[Start of Attachment]

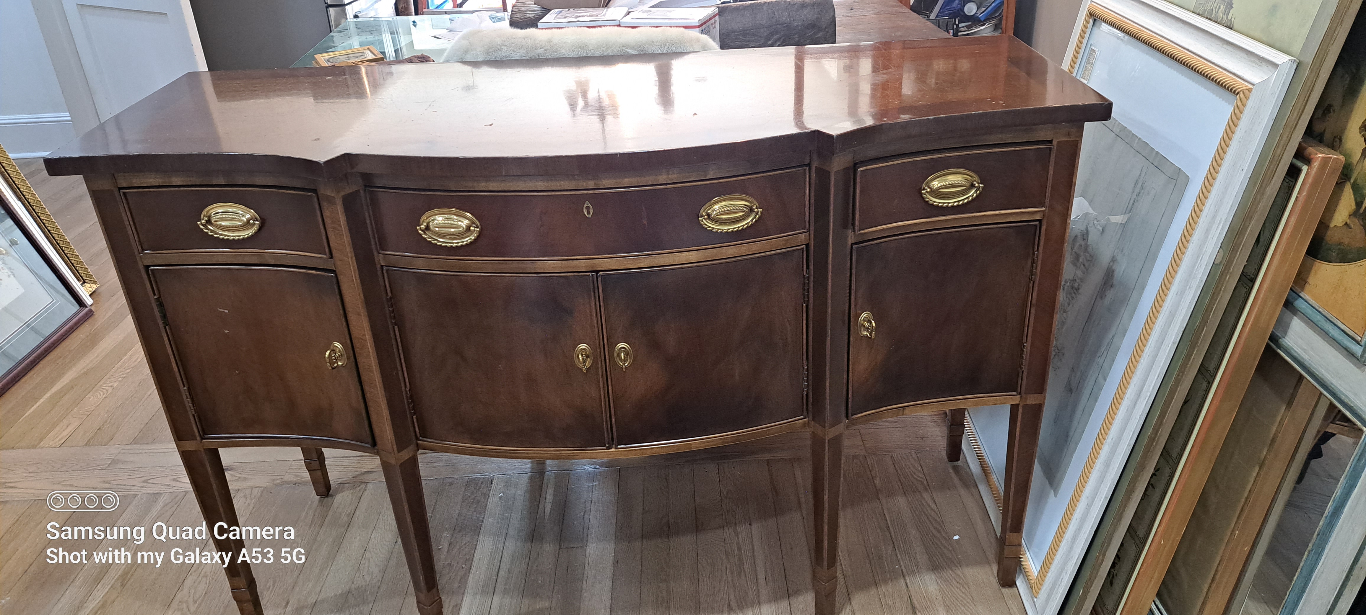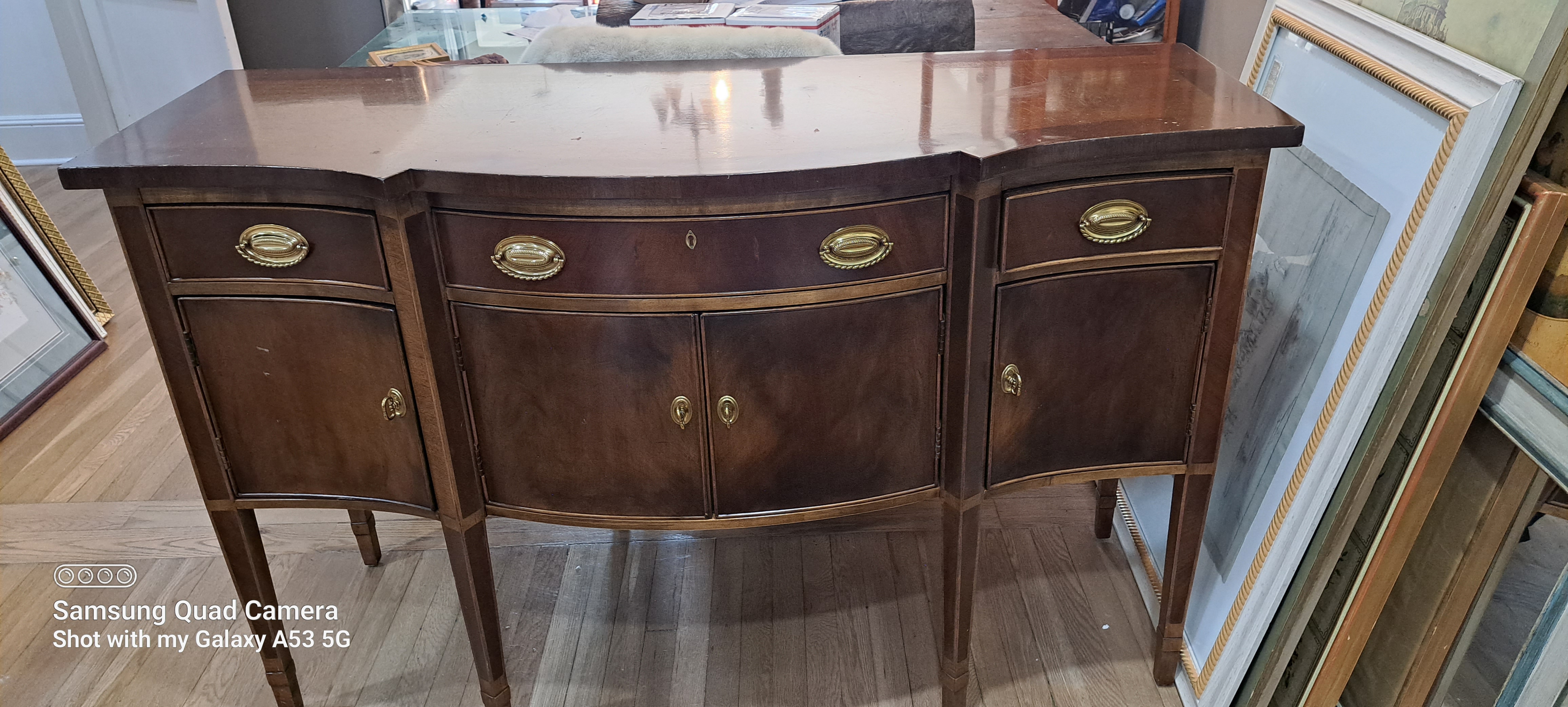 This beautiful and original Henredon Cabinet is in great condition. It's genuine Henredon and as far as I know the name speaks for itself. Henredon is on the inside of the top right drawer, as well as on a gold placard on the upper left corner if you're looking at it from the back. Minus a couple scratches on the top it is in overall excellent condition
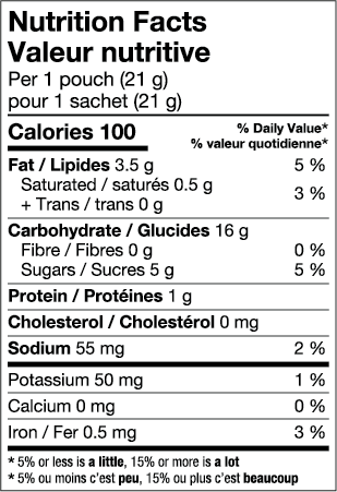 Farine de blé enrichie, Sucre, Huile de canola, Mono et diglycérides, Sel, Bicarbonate de potassium, Arôme naturel, Tocophérols, Lécithine de soya, Substances laitières modifiées. Contient : Lait, Soya, Blé.
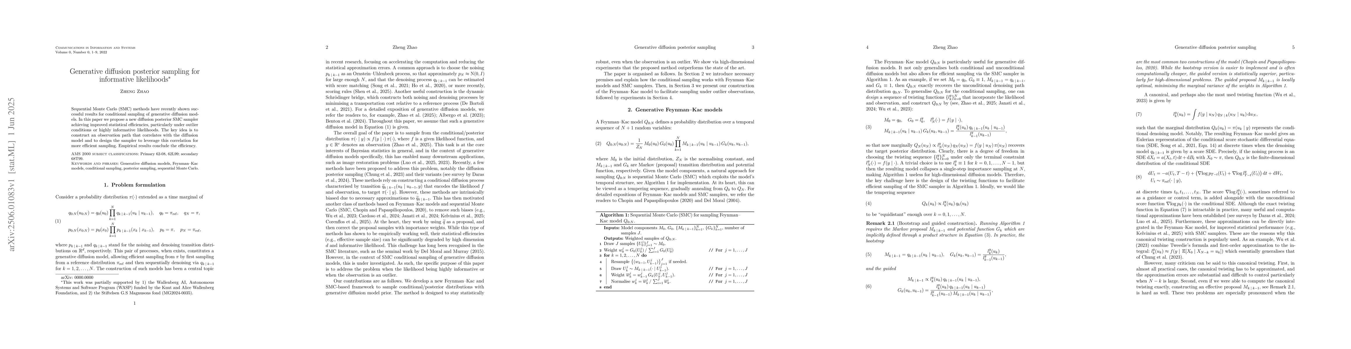 Researchers developed a new method for efficient sampling in generative diffusion models, achieving improved performance under outlier conditions and highly informative likelihoods. The approach leverages correlation between the model's observation path and the data to enhance statistical efficiency.
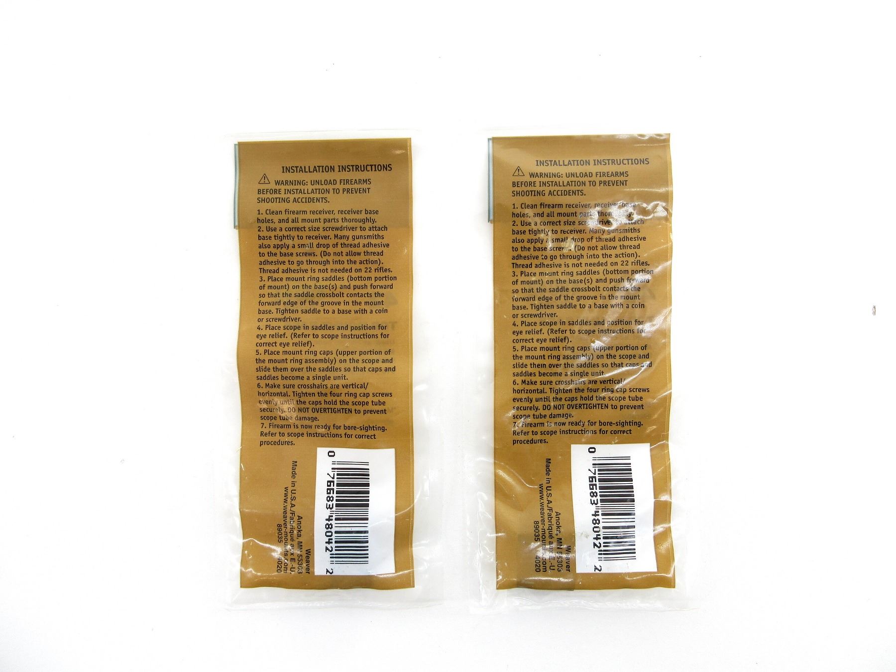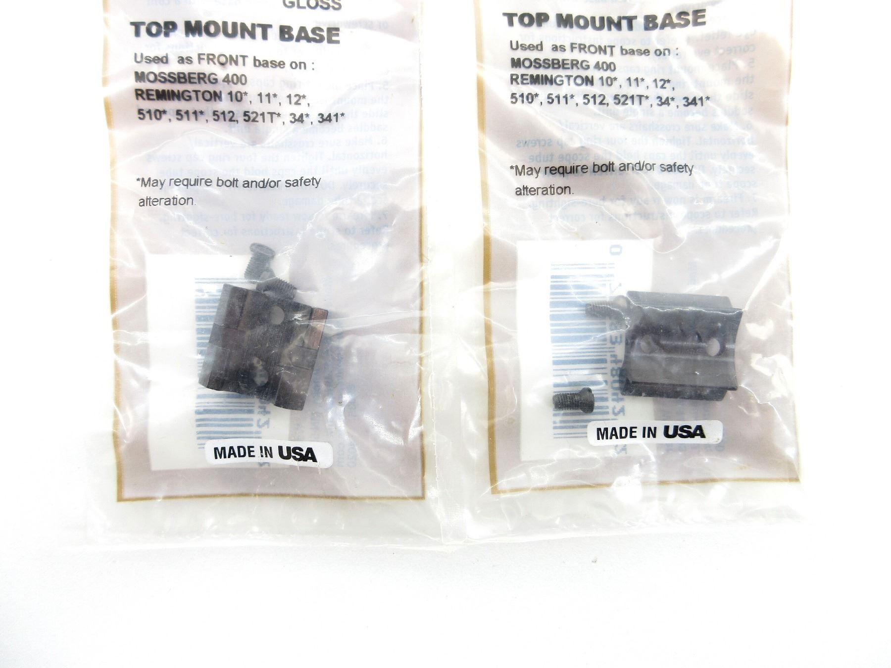 LOT INCLUDES; (2) SCOPE RING BASES, GLOSS BLACK ALLOY CONSTRUCTION, FITS MOSSBERG 400 / REMINGTON 510 / 511 / ETC., PART #: 48042, APPEARS NEW OLD STOCK IN ORIGINAL PACKAGING, MAY NOT BE COMPLETE. MAY REQUIRE FITTING. SEE PHOTOS.
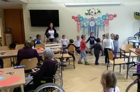 V dopoledních hodinách přišly děti z MŠ A. B. Svojsíka potěšit obyvatele našeho domova. Hudební vystoupení dětí vykouzlilo dobrou náladu. Při společném tvoření ježků a housenek z listí si děti a senioři hodně povídali, dílko jim šlo od ruky a z výrobků měli všichni velikou radost. Moc děkujeme dětem a paním učitelkám za příjemně strávené dopoledne a těšíme se brzy na shledanou.
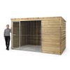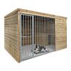Deze hondenkennel geeft jou trouwe viervoeter een veilig beschut plekje waarbij duurzaamheid en eenvoudig onderhoud samenkomen in een luxe design. Het hok heeft een zijwanden en een voor- en achterwand hierdoor heeft jouw hond geen last van de elementen van het weer en kan hij rustig buiten genieten van de frisse lucht. Aan de voorkant zit een stevig kennelpaneel die beschikt over een deur zodat je makkelijk naar binnen kan. De spijlen zijn 16 mm dik en staan 8cm uit elkaar. Het afvoeren van water is gemakkelijk omdat het dak van de kennel afloopt en is bekleed met dakleer. In de kennel zit ook een nachthok, deze is open aan de bovenkant zodat je gemakkelijk een comfortabel plekje kan creëren voor jouw hond. Het nachthok is windvrij doordat de voorkant ook voor een deel gesloten is.
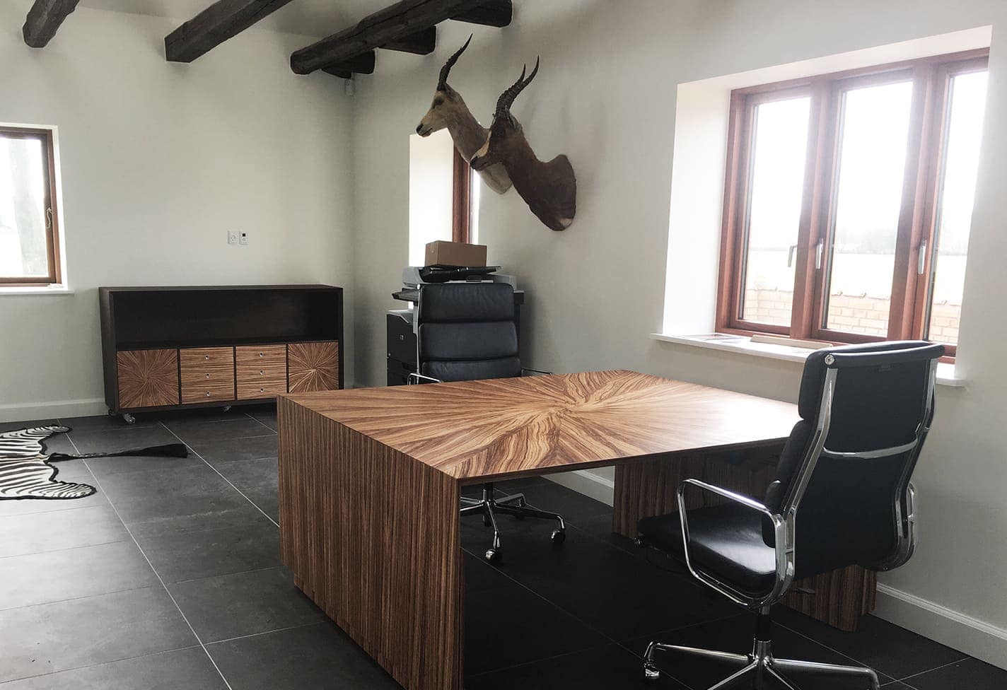 Skrivebord med matchende opbevaringsmøbler / Ønsker du et ekstra gennemført udtryk til dit kontor, kan der også fremstilles opbevaringsmøbler i samme træsort som skrivebordet. Her ses en kunde, som har valgt både skrivebord og Boox reoler med solskinsmønster til sit kontor.
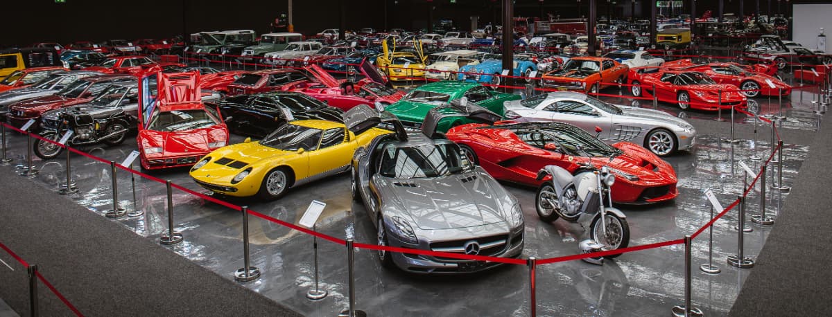 Cars within the collection include an extensive range of classic and vintage cars and motorcycles such as European, Australian and American classic cars, featuring Ferraris, Aston Martins, Porsches, Fords and Holdens.
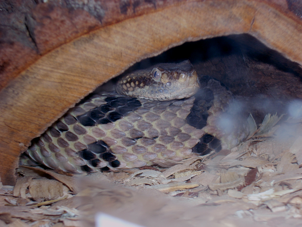 And here is Gandalf the Canebrake rattlesnake resting under his log.  (sorry about the dirty glass.)
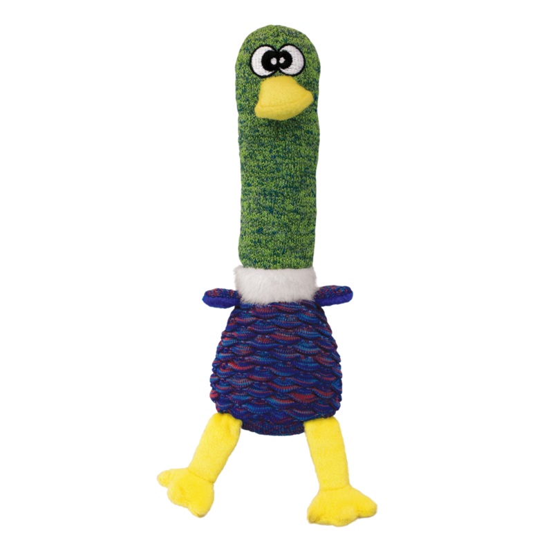 KONG Shakers Cuckoos tennis shoe material entices tugging and shaking instincts adding up to long runs of fun. A full-bodied, low tone squeaker pumps up indoor play sessions while crackle sounds and a long body keep dogs engaged. A flock of playful bird ch

[End of Attachment]

Exercise prompt: Reproduce the data above word for word from its first line through the line that holds "V dopoledních hodinách", both ends included; skip pictures.

Completed exercise:
 This beautiful and original Henredon Cabinet is in great condition. It's genuine Henredon and as far as I know the name speaks for itself. Henredon is on the inside of the top right drawer, as well as on a gold placard on the upper left corner if you're looking at it from the back. Minus a couple scratches on the top it is in overall excellent condition
 Farine de blé enrichie, Sucre, Huile de canola, Mono et diglycérides, Sel, Bicarbonate de potassium, Arôme naturel, Tocophérols, Lécithine de soya, Substances laitières modifiées. Contient : Lait, Soya, Blé.
 Researchers developed a new method for efficient sampling in generative diffusion models, achieving improved performance under outlier conditions and highly informative likelihoods. The approach leverages correlation between the model's observation path and the data to enhance statistical efficiency.
 LOT INCLUDES; (2) SCOPE RING BASES, GLOSS BLACK ALLOY CONSTRUCTION, FITS MOSSBERG 400 / REMINGTON 510 / 511 / ETC., PART #: 48042, APPEARS NEW OLD STOCK IN ORIGINAL PACKAGING, MAY NOT BE COMPLETE. MAY REQUIRE FITTING. SEE PHOTOS.
 V dopoledních hodinách přišly děti z MŠ A. B. Svojsíka potěšit obyvatele našeho domova. Hudební vystoupení dětí vykouzlilo dobrou náladu. Při společném tvoření ježků a housenek z listí si děti a senioři hodně povídali, dílko jim šlo od ruky a z výrobků měli všichni velikou radost. Moc děkujeme dětem a paním učitelkám za příjemně strávené dopoledne a těšíme se brzy na shledanou.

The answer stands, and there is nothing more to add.